Early on, someone noticed Rutledge’s bloody face, but assumed he’d hurt it trying to save the stable, and a woman handed him a wet cloth to wipe the worst of the blood and soot away. But the cut where the blow had landed continued bleeding freely, sometimes blinding one eye until he had a free hand to clear it again.
It was touch and go, a good two hours or more before they could be sure the roof was safe, that the urgency had passed. Behind them the fire continued to consume the stable, but it was dying down, no longer the first shooting flames that towered into the night sky.
The cook, Mrs. Donaldson, brought out a large tray with mugs of tea and cakes she had cut into squares to go farther.
Tea was passed up to the men sitting on the roof, and others came to take theirs. Rutledge had a moment to look around at the tenants. He thought he recognized each family from the description he’d been given. Jem’s mother was there, helping drag buckets of water out of the pond and pass them on. She looked tired, a woman who had already worked through the short November day and had been robbed of sleep worrying over her daughter. And now this.
Jem was everywhere, doing what she could and avoiding any contact with Rutledge.
One of the maids was standing by the ruined kitchen garden, where busy feet had disregarded the cabbages and onions and other root vegetables still in the ground. The scent of trampled herbs vied with the heavy smell of smoke and burning wood.
“At least there were no horses,” someone was saying to Standish. “I doubt we would have been in time to get them out.”
“No.” He looked exhausted, hi
s clothes filthy from his exertions, and his hair standing on end.
The other man glanced across at Rutledge, and frowning, said, “What happened to your face?”
“Trying to save the stable,” Rutledge said as others turned to hear his response.
It was another hour before everyone went home and the women from the household had gathered up the tea things and taken them inside.
Standish was looking up at the roof, searching for any sign of smoke. Finally he said to Rutledge, who was seated on the lip of the well, “It was a near-run thing.”
“Yes.”
“How did you know?”
“I was on the road when I smelled smoke. I turned back to find out where it was coming from.”
“Yes, well, I owe you for that.”
They stood in silence for a time, and then the Captain said, “I have no idea how it got started. There’s nothing out there to cause a fire.”

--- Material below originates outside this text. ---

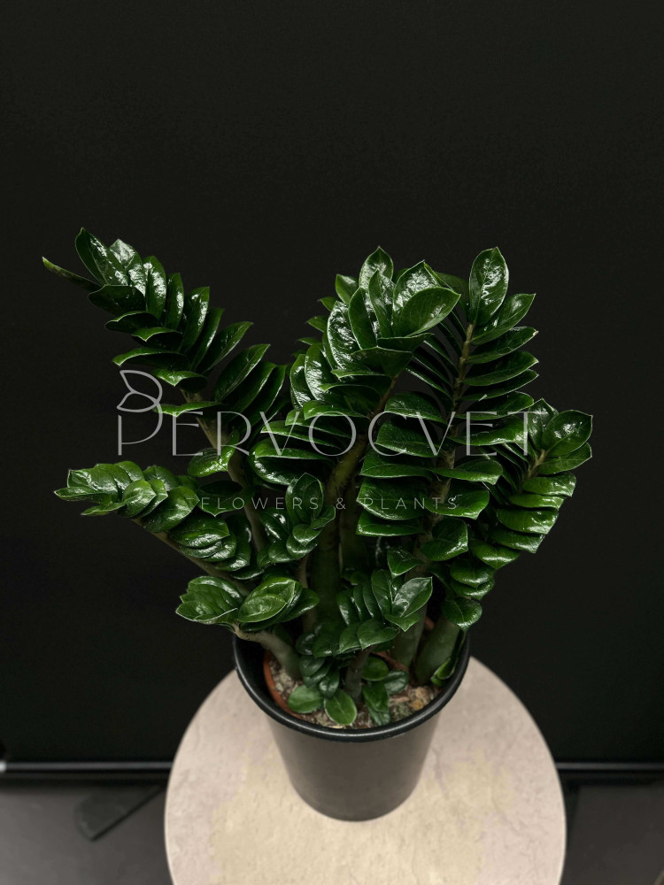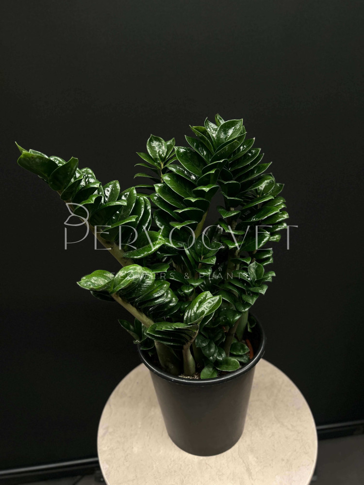 Замиокулькас - всем известное "долларовое дерево", неприхотливое растение с острыми листиками, расположенными по всей длине побега, покрытыми восковым налетом, что придает растению необычный декоративный вид. Сорт Зензи - карликовая форма, с малым расстоянием междоузлий.

Rutledge said, “It was arson. Someone set the stable alight.”
“You aren’t serious? Yes, you are, aren’t you? Who the hell would do such a thing? I can’t think why anyone would even want to do it.”
“I told you. He wanted to kill one of us. And I think the stable was a way to draw his victim out here in the dark.”

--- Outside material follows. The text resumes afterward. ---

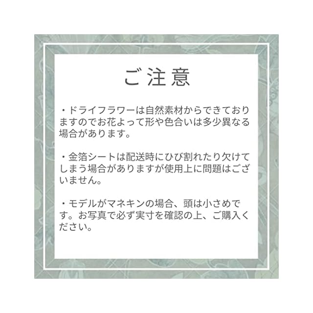 ※プリザーブドフラワー(ドライフラワー)は非常に繊細です。一度壊れてしまいますと元には戻りませんので、お取り扱いは優しくお願いいたします。※造花は何度でも繰り返しお使いいただけます。※モデルの頭は少し小さめです。ご購入前に個々のお花の大きさを必ずご確認お願いいたします。 ※お手持ちのモニターによりお色味が実際の商品と異なって見える場合がございます。※プリザーブドフラワー(ドライフラワー)は本物のお花から作られておりますので、個々のサイズやお色味が若干異なる場合がございます。

Standish frowned. “Yes, you said something—I was too worried about the house to heed any of it. But it was bad timing for it to start. The fire. We wouldn’t have noticed it until far too late to do much about it. Hardly the best way of attracting attention.”

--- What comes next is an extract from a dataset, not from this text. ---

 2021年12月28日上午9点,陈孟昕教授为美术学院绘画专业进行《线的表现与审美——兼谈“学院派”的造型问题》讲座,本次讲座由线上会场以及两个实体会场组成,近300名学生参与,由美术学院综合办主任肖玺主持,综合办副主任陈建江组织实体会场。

“Or he knew I’d spread the alarm, and was hoping one of us might come running.”
The Captain shook his head. “Doesn’t make sense.” He gestured around his feet, where the grass was trampled and muddy. “The grass was high by the stable. You didn’t know the area. Are you certain you didn’t trip and fall, striking your head?”
He hadn’t imagined the blow to the head, the hands gripping his feet, dragging him toward the burning stable. But he couldn’t tell Standish that he’d been here before, in the dark.